At the entrance to the magic
of the semi-dark, at the entrance
to the subdued light that says party,
that says we’re having a shadowy party,
I can hear the bopping dream begin,
in the twilight zone: Yeah! Yeah!

Take a step to the right,
take a step to the left,
let’s do the art warp again.
The train goes all the way
beyond the partition
and back again,
all the way
beyond the partition
and back again,
all the way
beyond the partition
and back again,
one day
shall we
one day
shall we
one day
shall we
get off
you mean get off?
I mean get off
you mean really get off?
I mean really get off.
We’re coming out of the tunnel.
What does that mean?
There’s a blue sky.
But it’s only paint.
What do you expect?
Take a step to the right,
take a step to the left,
let’s do the art warp again.
So many words in the gallery already,
my poem wants to shrink away
in preparation for an uncertain silence
or a seductive mystery,
too many words here, too much sense.
The role-players tell me the scheme they’re in,
the train is all message and no medium, there is
no interface,
only surface
indulging its
own cut-outs.

Take a step to the right,
take a step to the left,
let’s do the art warp again.
I came up to the 1st floor world of art
out of the real fabrication that is Brindley Place,
I came up in the lift to play my part
in this fresh game of artifice.
From the bridge I’d watched a canal boat,
strange, decorated, craft that they are,
I’d been hypnotised by thirty-eight
every-moment-different fountains, I am poor
in spirit compared with these necessities.
Then up to the 1st floor to see a case
for a tube trip in the world of art,
set apart, -

Out there a man wears a leopard skin coat,

he is drinking his coffee amongst the toadstools,

and I have come to the 1st floor of the world of art

to watch the on-screen animations

of the artist’s real life - do I believe it?

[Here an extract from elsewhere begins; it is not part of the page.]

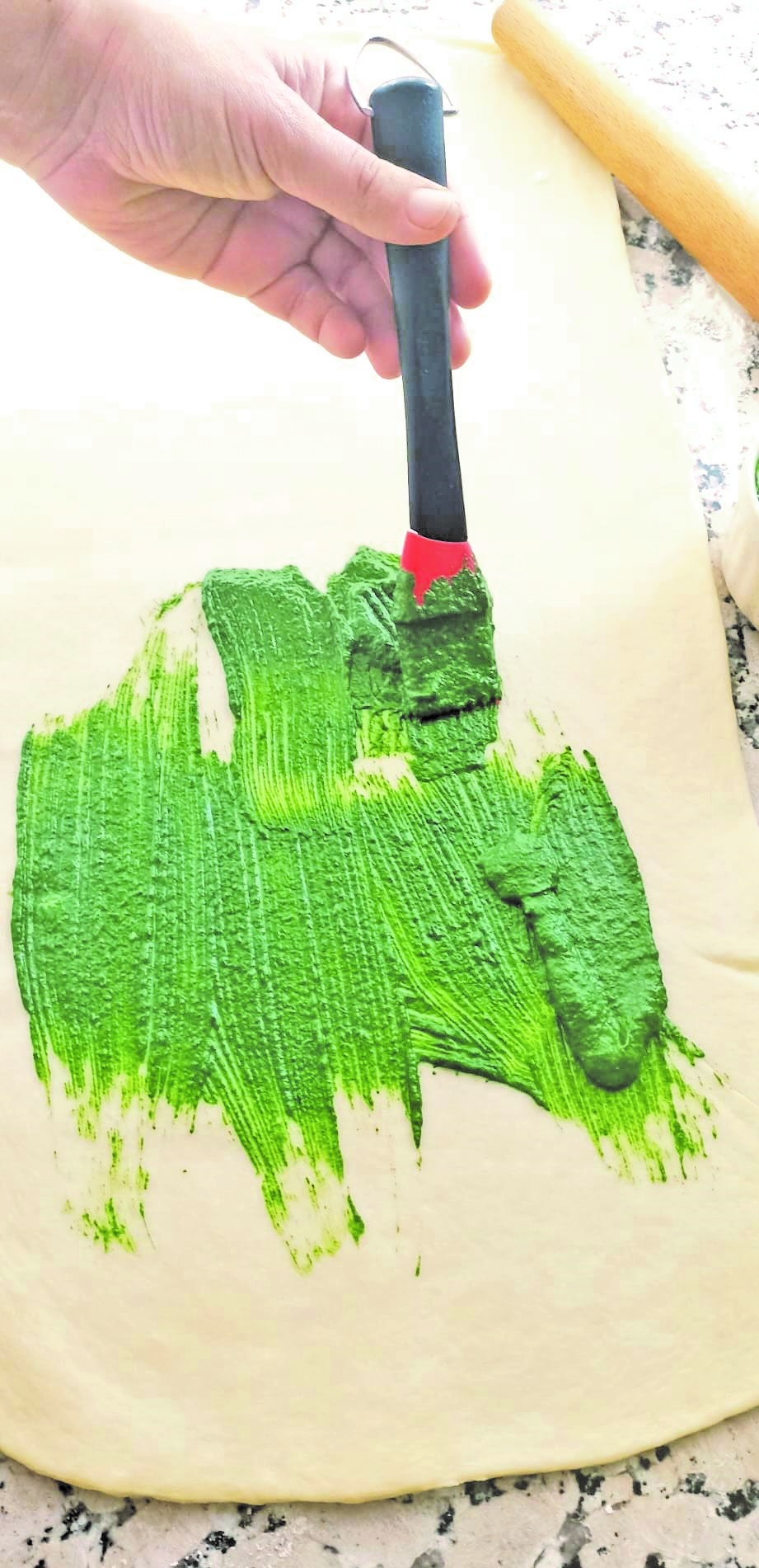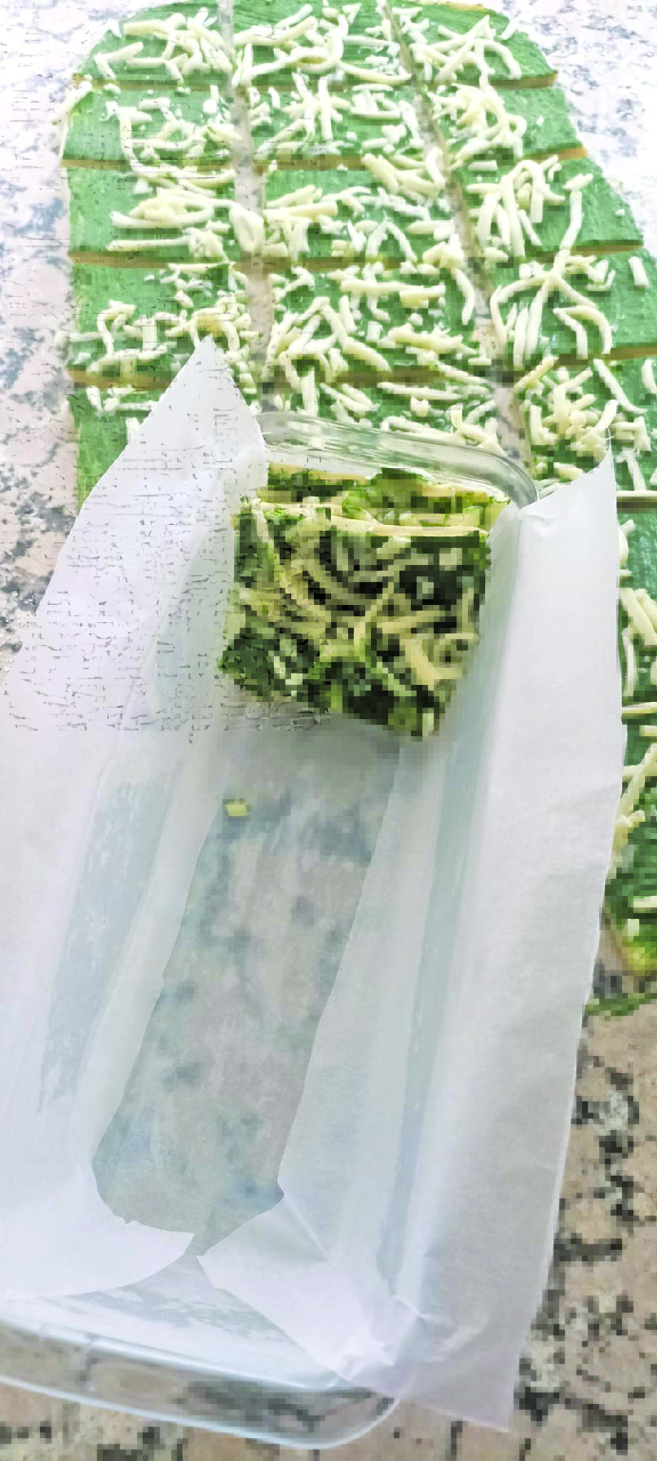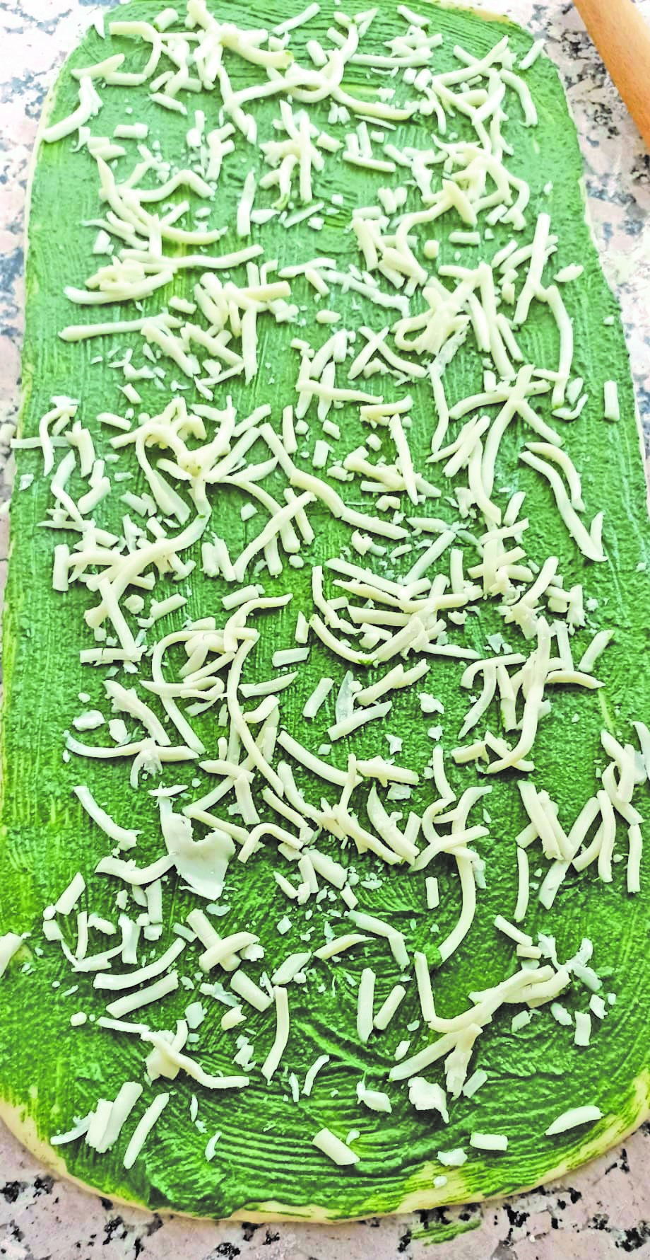 Üzerine ıspanaklı karışımı sürün ve peynir serpin. Daha sonra pizza kesici ile kare kare kesin.

I have come into this other world’s light

with its fantasy morality play

while people out there walk their uncertainty

like a wild dog on a gilt lead

between work and home without going mad,

most of them.

Most of us.

I am writing this on an 11 bus.

Take a step to the right,

take a step to the left,

let’s do the art warp again.

"Excuse me, which is the way to Dopple Stadt?"

"Never heard of it".

"I think it’s along the Northern Line, not far away".

"Not along any Northern Line known to me".

"It’s out of the tunnel, under the open sky".

"It sounds to me more like Germany".

"Yes, it is, at the end of the Northern line, you see".

"And I suppose there’s a castle in the air".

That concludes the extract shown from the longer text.